§ **Your task**:
After locating the line with "前面のファスナーポケットにス" in the data that follows, return it and every later line exactly, up to and including the line with "值得注意的是,尽管拆解吨位急".

§ **Given records**:
....................

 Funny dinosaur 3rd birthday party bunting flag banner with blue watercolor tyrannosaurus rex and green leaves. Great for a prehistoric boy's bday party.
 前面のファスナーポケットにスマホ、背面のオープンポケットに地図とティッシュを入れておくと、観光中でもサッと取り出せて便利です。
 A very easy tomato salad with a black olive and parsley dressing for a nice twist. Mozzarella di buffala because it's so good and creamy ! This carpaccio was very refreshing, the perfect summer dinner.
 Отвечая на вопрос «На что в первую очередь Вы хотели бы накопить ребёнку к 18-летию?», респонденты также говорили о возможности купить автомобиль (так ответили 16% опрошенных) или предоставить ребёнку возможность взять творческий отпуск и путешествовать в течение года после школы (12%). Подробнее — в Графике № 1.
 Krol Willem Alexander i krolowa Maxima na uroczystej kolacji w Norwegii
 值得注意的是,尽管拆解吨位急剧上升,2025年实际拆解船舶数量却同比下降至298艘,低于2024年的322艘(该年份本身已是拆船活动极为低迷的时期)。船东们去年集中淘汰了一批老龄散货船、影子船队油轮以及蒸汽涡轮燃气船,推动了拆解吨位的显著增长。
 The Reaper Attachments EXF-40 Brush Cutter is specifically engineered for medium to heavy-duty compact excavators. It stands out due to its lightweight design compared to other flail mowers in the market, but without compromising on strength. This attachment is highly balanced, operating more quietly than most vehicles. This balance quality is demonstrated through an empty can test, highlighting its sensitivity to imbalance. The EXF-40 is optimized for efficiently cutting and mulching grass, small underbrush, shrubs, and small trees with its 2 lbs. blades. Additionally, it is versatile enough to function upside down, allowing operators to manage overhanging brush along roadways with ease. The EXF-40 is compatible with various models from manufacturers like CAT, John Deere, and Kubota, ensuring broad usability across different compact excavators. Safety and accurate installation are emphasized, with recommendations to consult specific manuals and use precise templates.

....................

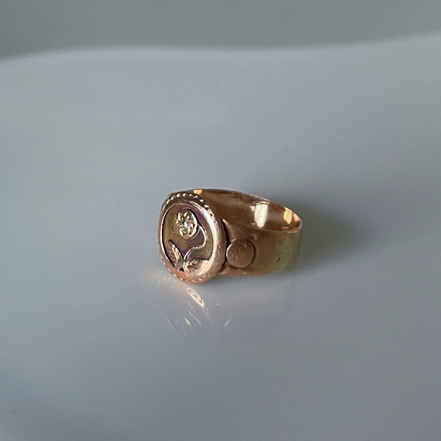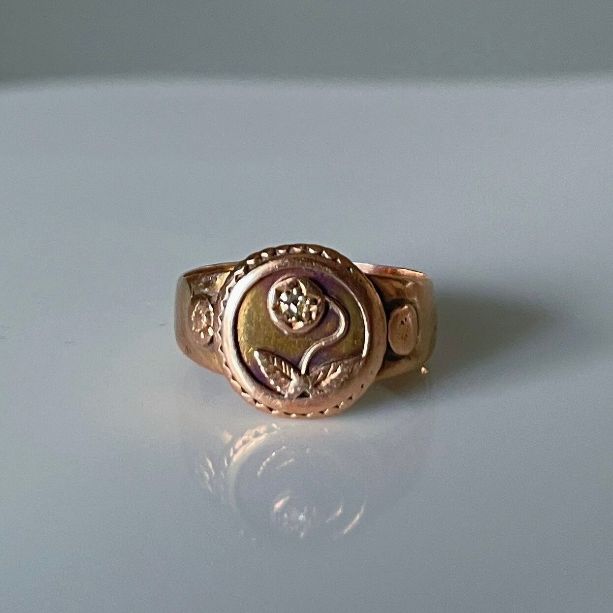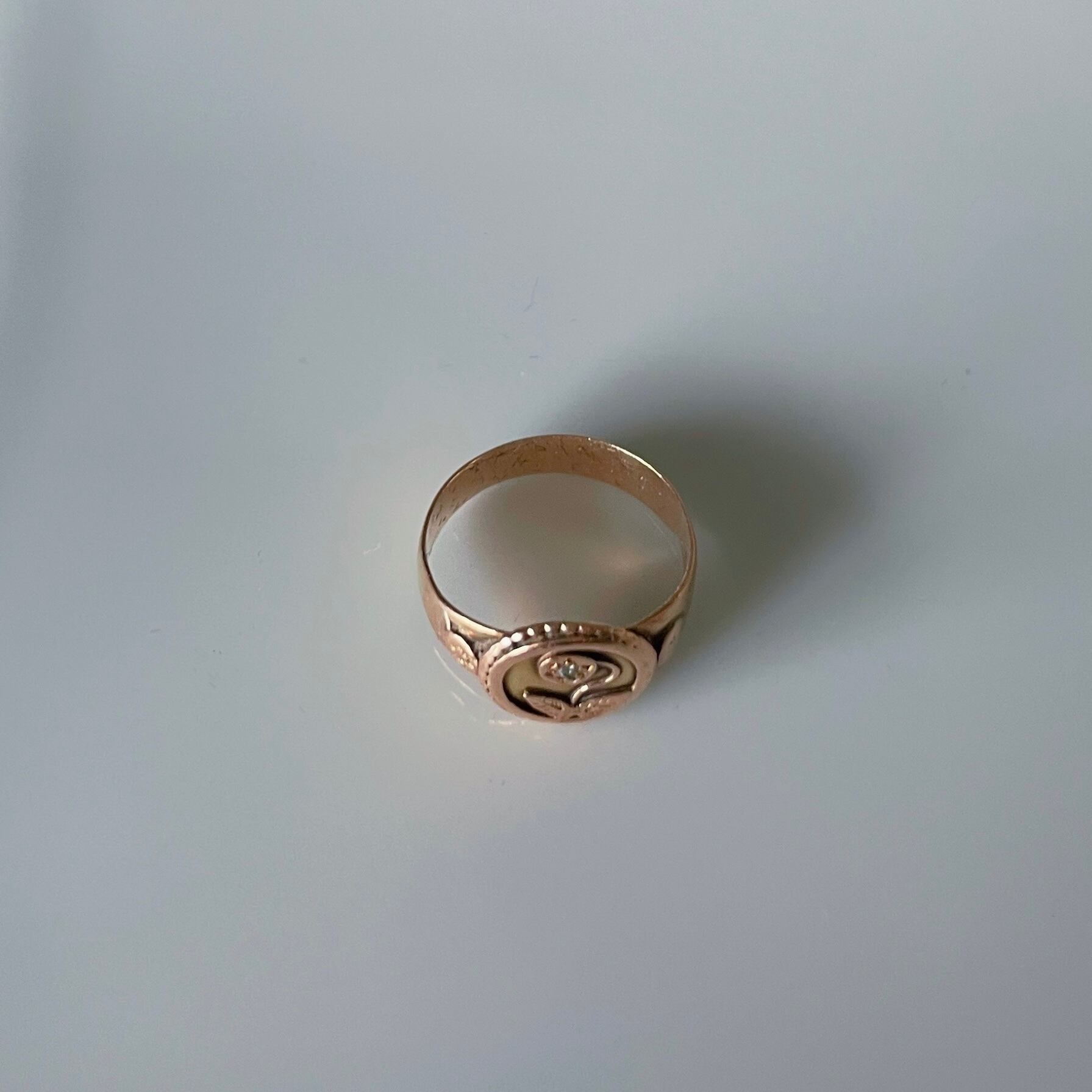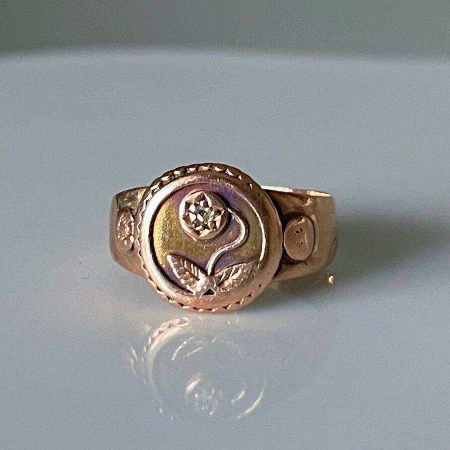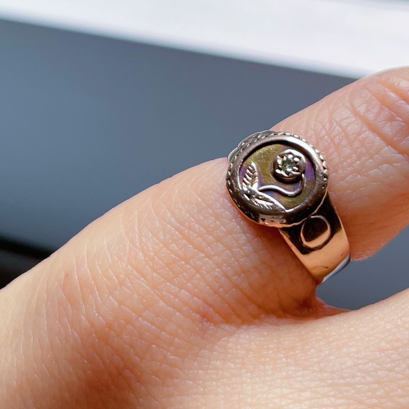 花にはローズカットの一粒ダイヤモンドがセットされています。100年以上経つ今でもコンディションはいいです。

....................

§ **Solution for this task**:
 前面のファスナーポケットにスマホ、背面のオープンポケットに地図とティッシュを入れておくと、観光中でもサッと取り出せて便利です。
 A very easy tomato salad with a black olive and parsley dressing for a nice twist. Mozzarella di buffala because it's so good and creamy ! This carpaccio was very refreshing, the perfect summer dinner.
 Отвечая на вопрос «На что в первую очередь Вы хотели бы накопить ребёнку к 18-летию?», респонденты также говорили о возможности купить автомобиль (так ответили 16% опрошенных) или предоставить ребёнку возможность взять творческий отпуск и путешествовать в течение года после школы (12%). Подробнее — в Графике № 1.
 Krol Willem Alexander i krolowa Maxima na uroczystej kolacji w Norwegii
 值得注意的是,尽管拆解吨位急剧上升,2025年实际拆解船舶数量却同比下降至298艘,低于2024年的322艘(该年份本身已是拆船活动极为低迷的时期)。船东们去年集中淘汰了一批老龄散货船、影子船队油轮以及蒸汽涡轮燃气船,推动了拆解吨位的显著增长。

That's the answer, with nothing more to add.